PROBLEM: Copy each line below exactly as it appears. Pictures are to be omitted.

PROVIDED DATA:
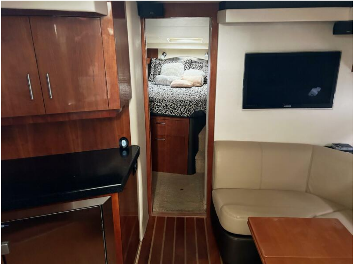
Salon forward to Master Stateroom
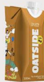
Oatside Coffee 200ml
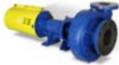
High Capacity End-Suction

TASK RESULT:
Salon forward to Master Stateroom
Oatside Coffee 200ml
High Capacity End-Suction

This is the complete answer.